Konunun bizi ilgilendiren tarafı Liani’nin de Özer Bey’in de, ülkelerinin yönetimine Başbakan’Ia evlilikleri nedeniyle karışabiliyor olmaları…
Yunanistan’da iki gündür meydana gelen olaylar bu komşumuzun her ne kadar aksini iddia ederse etsin, demokratik geleneklerden pek de öyle nasibini almış bir ülke olmadığını ortaya koyuyor.
İki gündür Atina’da sürdürülen gazeteci avını hayretle takip ediyorum.
İzleyebildiğim kadanyla Liani fotoğrafı yalanlamıyor. Bir hanım arkadaşı ile kayalıklar üzerinde çırılçıplak denize girmiş olmasını ve bazı el peşrevlerini açıkça inkar etmiyor.
Ancak Yunan hükümetinin bazı işgüzar bakanlarının fotomontaj iddiaları var. (Sizin anlayacağınız Esat Kıratlıoğlu’lar yalnızca Türkiye’de yaşamıyorlar.)
Yalanlanmayan bir fotoğrafı bastıkları için neden bazı Yunanlı gazetecilerin polis takibatına uğradıklarını ise bizim kısıtlı demokrasimizde bile anlamanın imkanı yok!
Dimitra Liani’nin açıklamaları her kendini bilen insanın söyleyebileceği olgunluktaki şeyler. Liani fotoğrafları siyasi bir komplo olarak niteliyor ve yayınlanmasını “ahlaksızca bulduğunu” söylüyor.
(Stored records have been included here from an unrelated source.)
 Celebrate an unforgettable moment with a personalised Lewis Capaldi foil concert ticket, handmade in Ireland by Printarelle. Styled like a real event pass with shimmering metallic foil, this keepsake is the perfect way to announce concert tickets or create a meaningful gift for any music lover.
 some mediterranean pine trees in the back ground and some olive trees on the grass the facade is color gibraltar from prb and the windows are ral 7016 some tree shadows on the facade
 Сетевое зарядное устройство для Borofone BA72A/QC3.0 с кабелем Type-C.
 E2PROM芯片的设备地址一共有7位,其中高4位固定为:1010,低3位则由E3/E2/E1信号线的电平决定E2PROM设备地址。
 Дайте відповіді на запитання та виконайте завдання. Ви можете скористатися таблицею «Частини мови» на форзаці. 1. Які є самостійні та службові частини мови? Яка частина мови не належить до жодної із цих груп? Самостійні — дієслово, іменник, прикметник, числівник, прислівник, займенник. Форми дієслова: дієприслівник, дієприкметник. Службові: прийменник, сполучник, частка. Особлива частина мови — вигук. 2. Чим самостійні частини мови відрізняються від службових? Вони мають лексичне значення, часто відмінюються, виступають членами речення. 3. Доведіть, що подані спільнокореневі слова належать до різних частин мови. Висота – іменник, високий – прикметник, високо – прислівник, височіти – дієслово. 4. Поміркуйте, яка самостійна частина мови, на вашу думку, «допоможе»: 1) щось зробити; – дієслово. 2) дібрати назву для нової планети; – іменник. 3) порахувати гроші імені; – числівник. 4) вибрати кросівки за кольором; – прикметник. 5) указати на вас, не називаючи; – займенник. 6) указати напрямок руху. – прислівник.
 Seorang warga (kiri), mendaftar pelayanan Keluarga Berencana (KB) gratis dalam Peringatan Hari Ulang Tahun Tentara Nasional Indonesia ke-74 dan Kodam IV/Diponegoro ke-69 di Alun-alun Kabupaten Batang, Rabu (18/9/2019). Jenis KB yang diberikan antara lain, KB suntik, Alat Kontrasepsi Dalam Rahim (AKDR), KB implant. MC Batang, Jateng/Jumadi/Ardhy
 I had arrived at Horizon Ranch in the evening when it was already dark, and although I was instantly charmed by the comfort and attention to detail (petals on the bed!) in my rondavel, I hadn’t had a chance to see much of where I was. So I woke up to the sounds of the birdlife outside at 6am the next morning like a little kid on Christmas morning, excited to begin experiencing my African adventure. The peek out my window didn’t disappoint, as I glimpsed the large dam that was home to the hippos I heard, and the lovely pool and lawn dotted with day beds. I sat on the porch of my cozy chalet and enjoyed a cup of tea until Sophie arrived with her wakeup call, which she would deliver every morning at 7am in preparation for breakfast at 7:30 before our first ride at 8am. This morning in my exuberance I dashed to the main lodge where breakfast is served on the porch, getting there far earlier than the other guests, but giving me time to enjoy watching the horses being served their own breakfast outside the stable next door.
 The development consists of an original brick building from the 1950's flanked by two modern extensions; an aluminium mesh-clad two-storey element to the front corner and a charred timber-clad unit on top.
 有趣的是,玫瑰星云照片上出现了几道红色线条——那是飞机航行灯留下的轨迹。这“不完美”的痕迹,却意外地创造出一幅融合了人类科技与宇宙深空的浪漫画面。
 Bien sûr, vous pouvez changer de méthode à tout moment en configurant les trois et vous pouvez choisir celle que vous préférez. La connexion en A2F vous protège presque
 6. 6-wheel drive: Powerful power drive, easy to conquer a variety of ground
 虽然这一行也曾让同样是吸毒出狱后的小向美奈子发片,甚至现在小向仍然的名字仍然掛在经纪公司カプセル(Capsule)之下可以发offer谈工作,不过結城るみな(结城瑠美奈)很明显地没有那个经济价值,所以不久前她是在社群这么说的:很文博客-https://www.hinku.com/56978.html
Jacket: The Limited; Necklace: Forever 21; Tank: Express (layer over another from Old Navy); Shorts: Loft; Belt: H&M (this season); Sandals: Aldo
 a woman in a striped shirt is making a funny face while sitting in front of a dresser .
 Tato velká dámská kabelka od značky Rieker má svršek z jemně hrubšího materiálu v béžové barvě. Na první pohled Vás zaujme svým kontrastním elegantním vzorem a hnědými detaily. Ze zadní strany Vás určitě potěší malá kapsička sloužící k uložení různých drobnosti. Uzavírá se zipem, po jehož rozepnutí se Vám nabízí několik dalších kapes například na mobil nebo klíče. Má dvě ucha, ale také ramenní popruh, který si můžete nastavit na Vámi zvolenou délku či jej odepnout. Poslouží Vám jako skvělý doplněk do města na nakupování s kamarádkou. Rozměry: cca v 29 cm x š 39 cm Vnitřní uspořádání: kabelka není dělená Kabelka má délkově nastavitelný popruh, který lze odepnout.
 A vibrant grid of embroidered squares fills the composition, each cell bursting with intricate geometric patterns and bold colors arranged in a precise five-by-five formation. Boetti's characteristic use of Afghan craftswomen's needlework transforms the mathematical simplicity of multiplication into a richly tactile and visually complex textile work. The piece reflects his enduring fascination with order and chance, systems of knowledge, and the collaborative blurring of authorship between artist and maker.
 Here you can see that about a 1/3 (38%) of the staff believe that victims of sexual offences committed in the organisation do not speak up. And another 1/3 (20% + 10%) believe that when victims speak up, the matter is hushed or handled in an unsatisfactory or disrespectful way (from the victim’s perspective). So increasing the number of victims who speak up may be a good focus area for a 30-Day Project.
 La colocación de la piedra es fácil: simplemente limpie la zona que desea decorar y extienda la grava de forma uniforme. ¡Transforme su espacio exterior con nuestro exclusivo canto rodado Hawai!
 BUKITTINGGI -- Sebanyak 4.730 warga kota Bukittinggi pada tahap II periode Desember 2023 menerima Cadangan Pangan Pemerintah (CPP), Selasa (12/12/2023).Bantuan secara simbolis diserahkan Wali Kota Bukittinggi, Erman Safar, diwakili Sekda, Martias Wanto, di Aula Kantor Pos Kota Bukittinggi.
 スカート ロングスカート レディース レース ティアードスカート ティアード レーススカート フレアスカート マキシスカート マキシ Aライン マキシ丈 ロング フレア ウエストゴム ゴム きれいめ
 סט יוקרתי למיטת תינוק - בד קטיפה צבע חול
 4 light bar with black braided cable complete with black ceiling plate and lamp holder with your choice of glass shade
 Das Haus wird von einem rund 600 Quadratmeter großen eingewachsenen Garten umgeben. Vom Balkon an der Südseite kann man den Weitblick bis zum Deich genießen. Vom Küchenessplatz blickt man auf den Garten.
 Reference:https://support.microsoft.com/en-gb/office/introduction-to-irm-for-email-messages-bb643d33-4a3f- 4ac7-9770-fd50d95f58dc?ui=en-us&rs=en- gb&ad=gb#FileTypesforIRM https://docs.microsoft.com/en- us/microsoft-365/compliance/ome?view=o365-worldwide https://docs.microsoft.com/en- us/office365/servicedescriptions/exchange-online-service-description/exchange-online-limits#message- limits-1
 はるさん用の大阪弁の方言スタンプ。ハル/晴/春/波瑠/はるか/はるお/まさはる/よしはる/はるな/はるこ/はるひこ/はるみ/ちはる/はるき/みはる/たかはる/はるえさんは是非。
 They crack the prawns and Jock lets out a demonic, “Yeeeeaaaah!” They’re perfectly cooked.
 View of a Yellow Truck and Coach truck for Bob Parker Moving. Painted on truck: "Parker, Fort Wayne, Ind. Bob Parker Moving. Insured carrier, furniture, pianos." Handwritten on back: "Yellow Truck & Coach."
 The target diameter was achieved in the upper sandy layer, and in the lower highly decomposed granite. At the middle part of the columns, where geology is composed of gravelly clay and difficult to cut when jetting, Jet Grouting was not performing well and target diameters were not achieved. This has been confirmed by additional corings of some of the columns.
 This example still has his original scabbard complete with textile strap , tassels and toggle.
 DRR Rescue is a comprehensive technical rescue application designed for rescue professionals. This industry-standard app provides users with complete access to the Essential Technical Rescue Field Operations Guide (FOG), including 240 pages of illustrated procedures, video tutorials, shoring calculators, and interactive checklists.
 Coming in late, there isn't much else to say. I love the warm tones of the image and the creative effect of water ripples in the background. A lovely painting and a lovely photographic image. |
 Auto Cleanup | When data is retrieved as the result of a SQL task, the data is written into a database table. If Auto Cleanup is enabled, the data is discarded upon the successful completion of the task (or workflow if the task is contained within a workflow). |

Özel hayatın dokunulmazlıkları konusunda söylediklerine ben de katılıyorum. Sonuç olarak bu, sadece Liani’yi, kocasını ve fotoğraftaki diğer hanımı ilgilendirebilecek kadar “intim” bir konu.
Ama bir tek şartla! Liani’nin de aynı “özel yaşam” sınırları içinde kalması koşuluyla..
Bu şu demek: Eğer Liani, Başbakan eşi olduğu, onunla aynı yatağa girdiği için, kendisinde seçmenler tarafından verilmemiş bir yetki görebiliyor ve onu kullanmakta da tereddüt göstermiyorsa, onun “özel yaşamının sınırları” artık biraz genişlemiş olacaktır.
Kamuoyu Başbakan’ı hangi gözle ve dikkatle izliyorsa, onu da aynı göz ve dikkatle izlemek hakkına sahiptir.
Bu nedenle Liani Hanım’ın, fotoğraflarının yayınlanmasına ancak estetik itirazları olabilir ki, o irilikteki göğüsleri ilginç ve estetik bulacak insanlar da mutlaka çıkacağından Başbakan’ın eşinin söylediklerinin pek bir değeri kalmaz.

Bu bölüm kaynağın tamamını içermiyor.